During those first few days, Angela and Hideo fizzed around me, hovering and anxious. I told them to go about their business as normal. I wanted to be left to explore the city, ease back to the point where I had left Nagasaki. I needed time to reacquaint myself with all that I had left behind. One morning I rose early and wrote a note to say I would return before dinner time. I took the tram past Hamaguchi-machi and got off near the post office. I walked five slow blocks to Sanno shrine, reconstructed after the bomb. To reach it, I passed through a torii gate, one leg blown away, the other upright. It had been left that way after pikadon as a memorial. I crossed flagstones and found one of the camphor trees that had survived all those fires that had raged across the city. I ran my hand down the blackened bark and felt our shared past in the cracks and charcoal fissures. We were still here, one growing, the other stunted, but both alive. I could not face going to Urakami Cathedral and Yamazato Primary, where new buildings had replaced those lost. Instead I went to the Peace Park. A statue of a man sitting in vigil stood at the head of the open square. Kenzo had shown me a picture in the newspaper after the site had been built in 1955. He had called it an affront, so ugly, but as
I sat on a stone bench and looked up at this muscular naked man, with his flowing hair and loincloth, I took comfort from his presence. We had a watchman for the city at last. His green bronze right hand pointed to the sky, the left horizontal across Nagasaki, his eyes closed in prayer. Paper cranes – red, yellow, white, orange, purple – lined fences and posts and benches.

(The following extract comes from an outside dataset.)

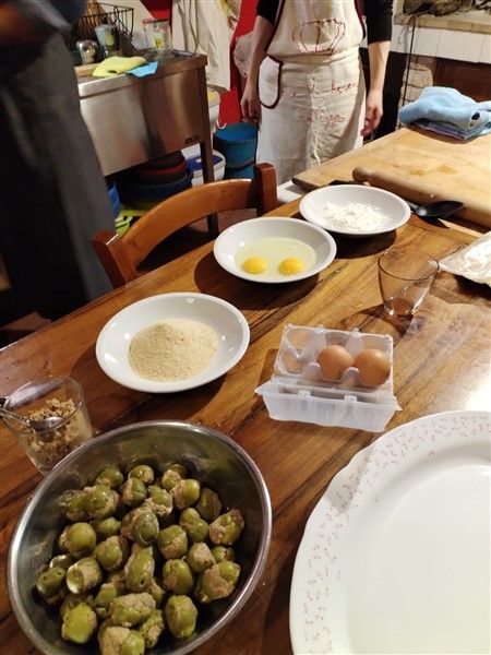 Non poteva mancare una lezione sulla preparazione delle famose olive all’ascolana. Dalla selezione delle olive alla farcitura, dalla panatura alla frittura, le cuoche hanno scoperto come questo antipasto sia parte integrante della gastronomia marchigiana, un autentico simbolo di convivialità e festa.

Schoolchildren, so neat in their sailor outfits, walked up to tourists and handed them postcards with handwritten messages of peace. One ran up to me and gave me a card and I looked at it for a long time before I walked down to the circular stone fountain, where jets of white spray shot up into the air. Here was the water the dying had begged for. A leaflet flipped by in the breeze and I stooped to retrieve it. There was a map of atomic bomb landmarks, the cover dominated by the cathedral. This new version built in 1959 was so red, so substantial. Here was the great solid entrance returned, those two towers rising tall once more. Only the original belfry remained, lying on the riverbank, blown thirty yards away by pikadon. ‘
Urakami had been a distinct Christian district since the second half of 1500. Under the suppression of Christianity from 1613, Christians continued to practise their religion by organising secret groups. The villagers managed to come back to Urakami in 1873. When they built the cathedral, it took almost 30 years to complete. The cathedral was also exposed to the atomic bomb and was destroyed. Around 8,500 of the 12,000 Christians living in the area were killed by the blast
.'

I read that last sentence and thought of Yuko, just one among all those thousands. Where had all the shattered bricks been taken? Where had they been buried? Where had she gone? Was she buried with those bricks? Could
I dig down into soil and unearth the black embers of her? I did not follow her faith but I was drawn to the stories of burning pits and boiling cauldrons and crucifixions. These were stories of pain and of loss that I could understand. The twenty-six martyrs of 1597, the 37,000 peasants massacred forty years later, the thousands arrested in the city and exiled not so long ago, those thousands more who lived and worked in the shadow of Urakami Cathedral; I admired the sacrifices made by them all to this religion, but no, I was not a believer. I looked again at the photograph, ran my fingers over a line of worshippers walking toward the great oak door. Those Christians who survived, how could they worship in that new building, how could they cross its entrance and not wonder: Why did we live? Why were they taken? Why did my god allow this?